Final Comparison: Urban vs. Marine
| Metric | NU Webcam (Urban) | Harbor Webcam (Marine) | Winner |
|---|---|---|---|
| LOO Lat Std | 0.000197° | 0.000650° | NU (3.3× better) |
| LOO Alt Std | 22.21 m | 46.32 m | NU (2.1× better) |
| MC Lat Std | 0.000020° | 0.000011° | Harbor (1.8× better) |
| MC Alt Std | 1.12 m | 1.23 m | NU (slightly better) |
| MC Focal Std | 6.19 px | 27.72 px | NU (4.5× better) |
| LOO/MC Ratio | 10–20× | 37–75× | NU (much better) |
Urban environments win for geometric stability. Well-defined building corners provide more reliable landmark identification than natural coastal features. The NU webcam shows better overall stability across 4 of 6 metrics.

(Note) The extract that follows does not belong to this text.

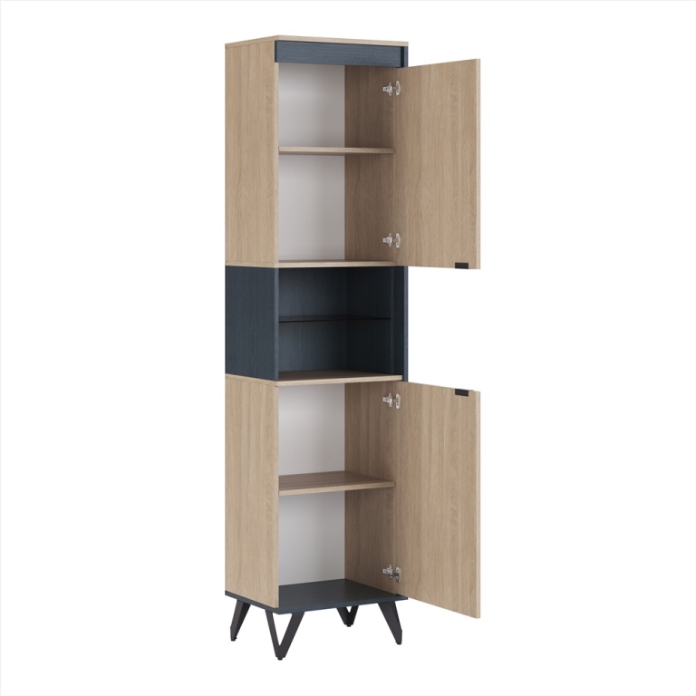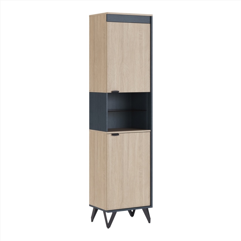 Возможна левосторонная и правосторонняя сборка. Толщина ЛДСП 16 мм. Ручки накладные (торцевые), также как и опоры изготовлены из металла, окрашенного полимерной антисколовой красной черного цвета. Ручки в процессе сборки можно крепить к фасаду как в месте фабричного кернения, так и по середине. Шкаф узкий имеет открытую нишу со стеклянной полкой цвета "бронза" тонированной в массе. Имеет два распашных фасада. Для крепления фасадов используются европейские четырехшарнирные петли фирмы "Titus" (Словения) с плавным закрыванием. Имеет две съемные полки.

Both achieve ~1 meter altitude precision under realistic noise. Despite the NU webcam's advantages in LOO stability, both calibrations are robust to measurement uncertainty when all points are present — Monte Carlo alt std is 1.12m (NU) vs. 1.23m (Harbor).
The LOO/MC ratio tells the real story. NU's 10–20× ratio vs. Harbor's 37–75× indicates that marine calibrations are much more fragile to changes in geometric configuration. Coastal features are harder to pin down, and the calibration is correspondingly more dependent on any single point being present and accurate.
The key lesson: Camera calibration from webcam feeds is surprisingly achievable with enough carefully chosen landmarks, even without direct access to the camera's manufacturer specs. But the choice of environment — and the quality of point identification — dramatically affects reliability. When you can't control your landmarks, Monte Carlo analysis tells you how much to trust your estimates.